Ja, südlich von Schweden, mit Elchen und so…
Habt ihr euch welche geschossen?
Nein, wir essen sie, aber schießen sie nicht. Außerdem haben wir Vegetarier in der Band!
Wir schreiben einfach am liebsten im Winter. Und im Wald kommt das noch besser. Man kann nicht raus gehen und hat damit keine Alternative zum Studio. Man nimmt die Wärme drinnen viel mehr wahr, wenn es draußen kalt ist.
Ich finde, dass eure Musik teilweise sogar richtig sommerlich klingt.

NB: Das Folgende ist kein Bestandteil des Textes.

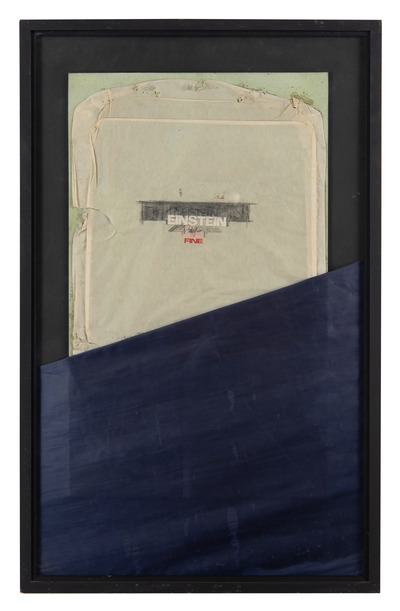 Quadro composto da uno schermo in carta di “prima generazione” staccato dal suo telaio originale (di cui conserva ancora la forma) e incollato su una base telata color verde acqua, a sua volta montata su un fondo di cartone nero. Una carta color indaco scuro avvolge la parte inferiore del pannello lasciando a vista il centro dello schermo su cui si leggono le parole «EINSTEIN» e «FINE» scritte con lettere trasferibili sopra una cancellatura a grafite.

Vielleicht ist die Musik, die ihr im Winter schreibt, das Stück Sommer, das euch fehlt und ihr euch schafft.
Es sind oft die Erinnerungen aus dem Sommer, über die wir schreiben, die Songs handeln also vom Sommer.
Wusstet ihr von Anfang an, welche Musik ihr machen wolltet?

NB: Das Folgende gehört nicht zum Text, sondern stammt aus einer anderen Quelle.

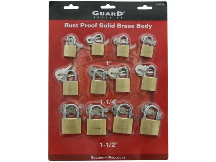 The brass pin cylinder design resists picking and allows for smooth operation, making these locks a reliable choice for all your security needs. This set includes an assortment of padlock sizes: 4 locks measuring 1", 4 locks measuring 1.25", and 4 locks measuring 1.5".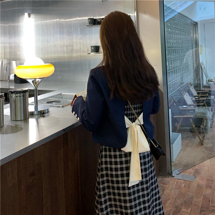 色:紺のスーツ,カーキ色のスーツ,黒と白のグリッドドレス,ブラックサスペンダースカート

Nein, wir wissen es eigentlich immer noch nicht. Wir sind da immer noch offen. Als wir uns das erste Mal in einer anderen Konstellation trafen haben wir Sachen wie System Of A Down gespielt. Das hat sich also sehr gewandelt.

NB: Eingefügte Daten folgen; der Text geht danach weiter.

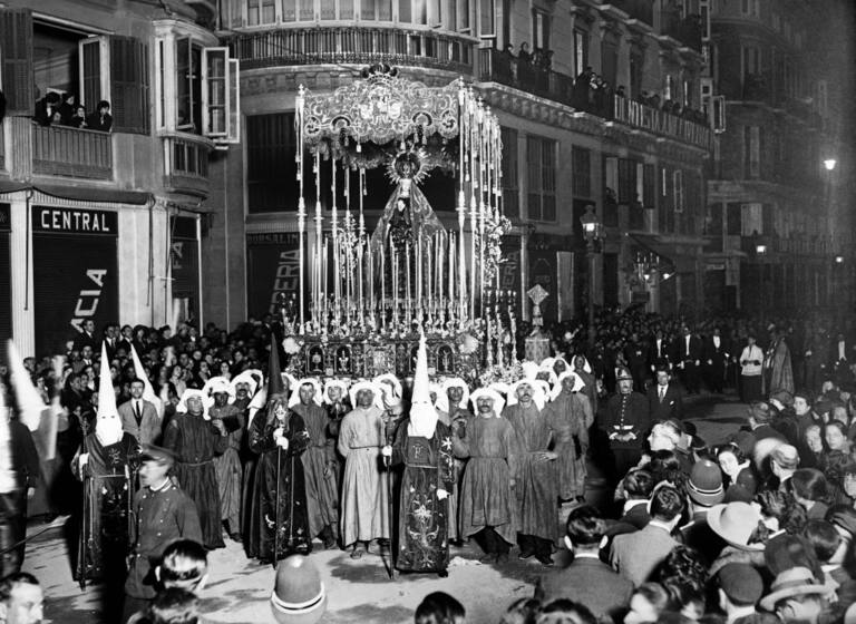 Las diferentes hermandades recorren las calles de la ciudad con sus imágenes, durante la Semana Santa malagueña de 1925.

Wenn ihr euch im Wandel seht, wie kann man sich das kommende Album denn vorstellen? Zumindest die Richtung ist sicher schon angedeutet.
Ja, am neuen Album ist schon vieles gesetzt. Aber für die Zeit danach sind uns keine Grenzen gesetzt, das können wir jetzt einfach noch nicht sagen. Es wäre doch langweilig, zwei Alben ähnlich klingen zu lassen, dann könnte man genau so gut, dass erste hören, man würde es wahrscheinlich immer besser finden. Deswegen sollte man sich stets ausprobieren, außerdem hat das kommende Album keinen spezifischen Sound, es ist sehr facettenreich und morgen geht’s direkt aus dem Flieger wieder ins Studio.